Give again, unaltered, the lines of the listing below that run from the line having "Transformă instant atmosfera" through the line having "軽いクリック感のあるレバーハ".

_Task material_
►

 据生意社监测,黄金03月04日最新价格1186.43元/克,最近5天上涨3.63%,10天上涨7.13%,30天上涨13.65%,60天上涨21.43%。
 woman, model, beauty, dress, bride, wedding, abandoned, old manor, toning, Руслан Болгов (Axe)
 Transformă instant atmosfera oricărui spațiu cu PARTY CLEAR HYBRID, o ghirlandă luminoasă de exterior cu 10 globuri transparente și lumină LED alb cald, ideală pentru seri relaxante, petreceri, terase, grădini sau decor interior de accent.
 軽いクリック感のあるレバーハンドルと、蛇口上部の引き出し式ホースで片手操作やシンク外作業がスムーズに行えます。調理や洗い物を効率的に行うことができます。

◄
►

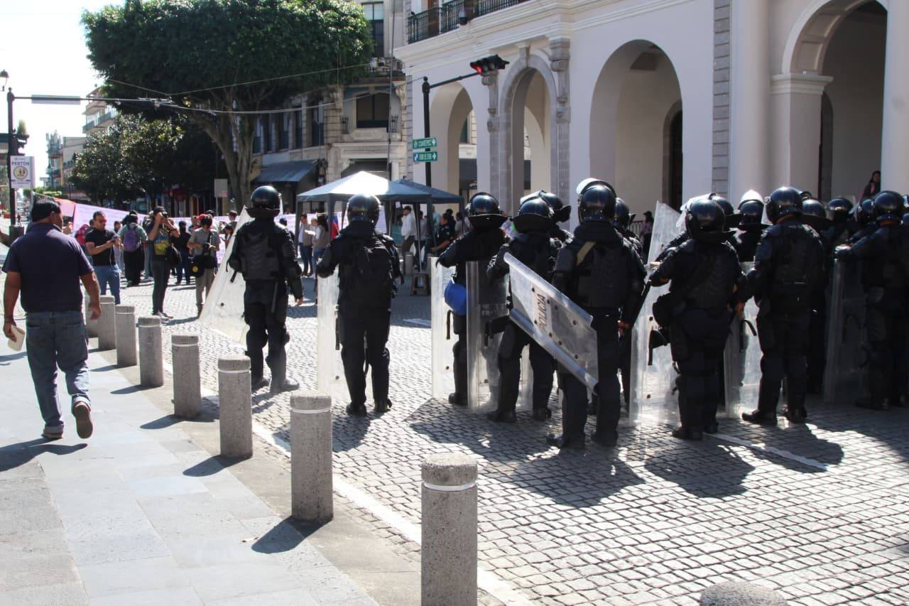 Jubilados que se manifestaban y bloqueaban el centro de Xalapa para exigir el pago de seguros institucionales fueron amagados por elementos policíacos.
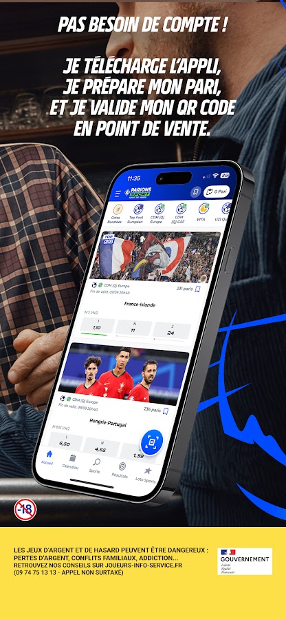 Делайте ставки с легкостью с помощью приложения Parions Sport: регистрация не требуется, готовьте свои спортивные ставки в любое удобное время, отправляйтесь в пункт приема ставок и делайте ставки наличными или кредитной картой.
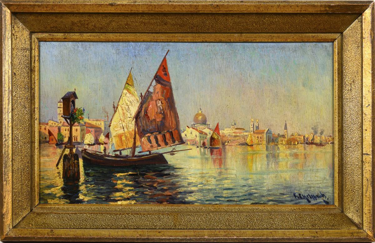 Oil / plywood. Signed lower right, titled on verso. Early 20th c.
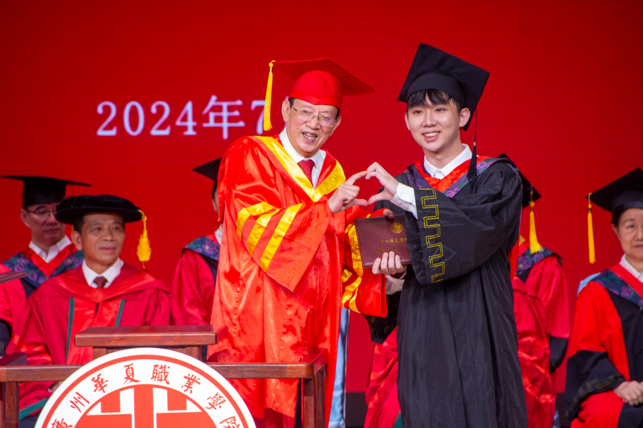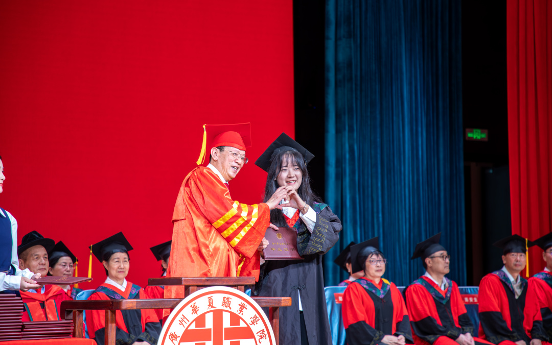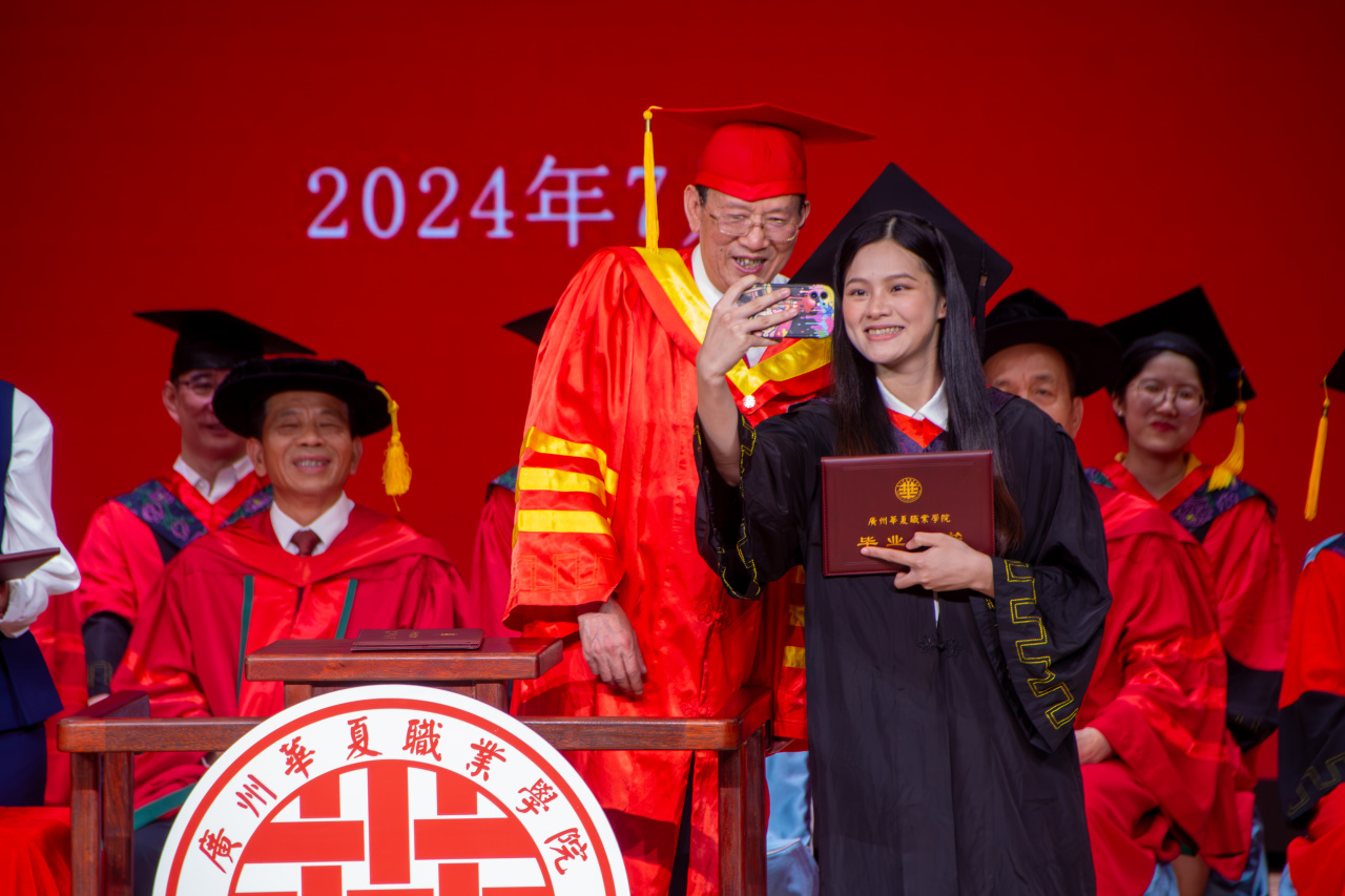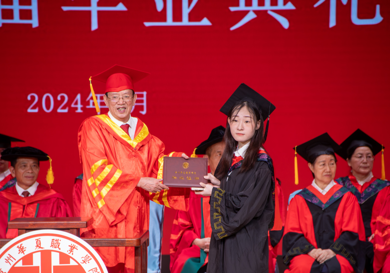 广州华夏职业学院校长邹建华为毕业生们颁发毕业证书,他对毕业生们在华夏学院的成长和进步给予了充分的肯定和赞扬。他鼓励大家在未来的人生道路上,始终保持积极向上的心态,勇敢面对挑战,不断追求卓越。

◄
►

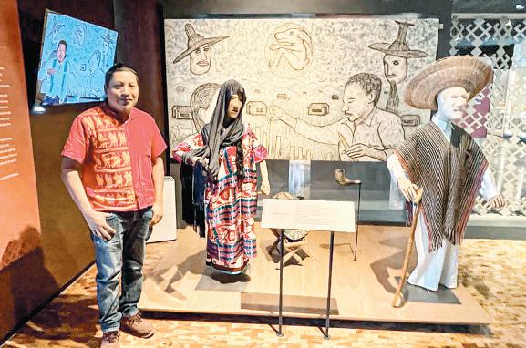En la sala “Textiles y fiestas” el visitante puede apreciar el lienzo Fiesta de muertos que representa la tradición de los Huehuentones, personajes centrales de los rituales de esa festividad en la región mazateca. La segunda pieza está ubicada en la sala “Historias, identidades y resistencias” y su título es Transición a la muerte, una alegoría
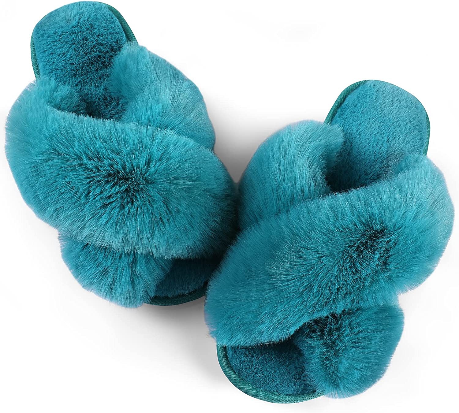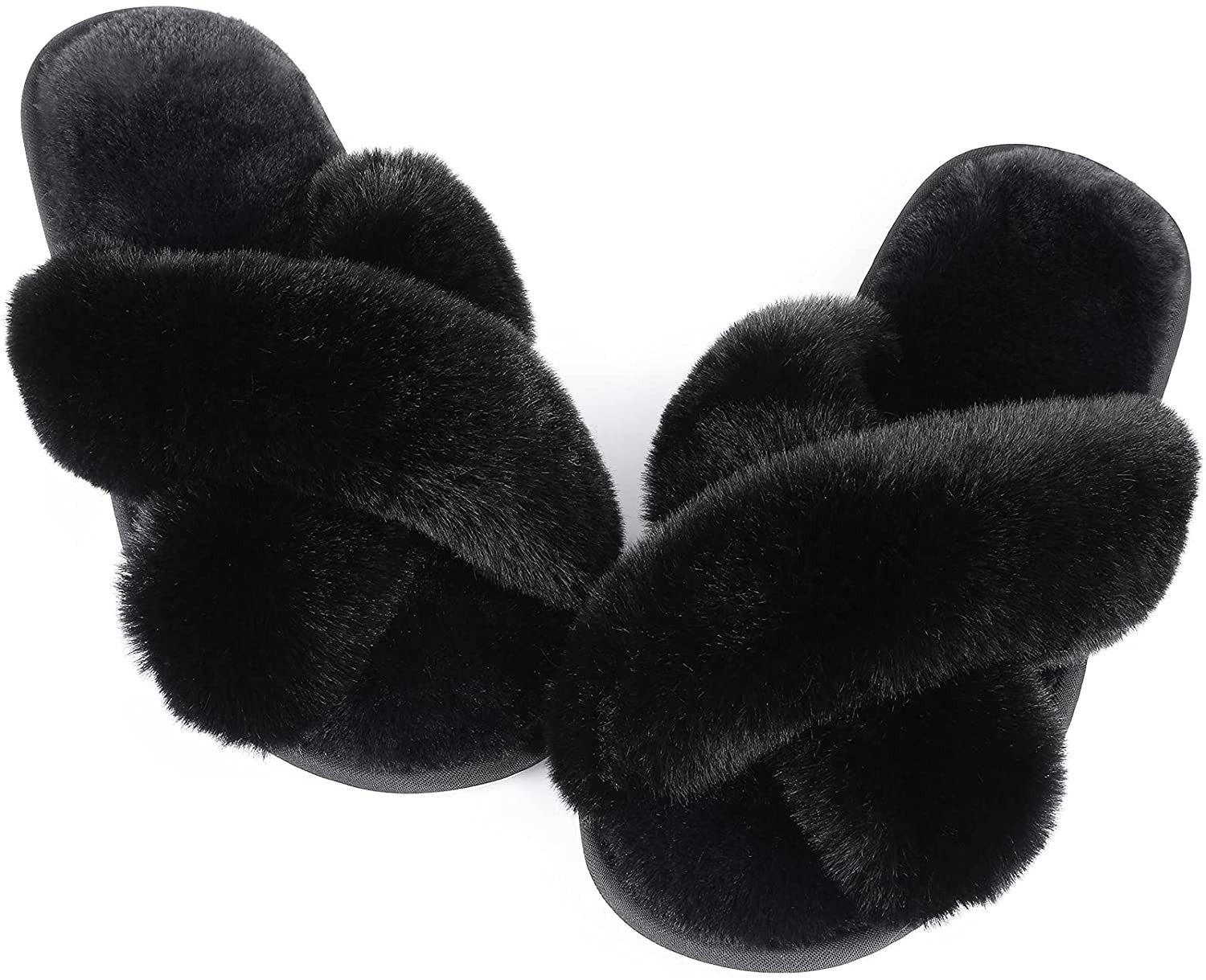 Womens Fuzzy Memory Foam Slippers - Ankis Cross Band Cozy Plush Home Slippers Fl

◄

_Output for this exercise_
 Transformă instant atmosfera oricărui spațiu cu PARTY CLEAR HYBRID, o ghirlandă luminoasă de exterior cu 10 globuri transparente și lumină LED alb cald, ideală pentru seri relaxante, petreceri, terase, grădini sau decor interior de accent.
 軽いクリック感のあるレバーハンドルと、蛇口上部の引き出し式ホースで片手操作やシンク外作業がスムーズに行えます。調理や洗い物を効率的に行うことができます。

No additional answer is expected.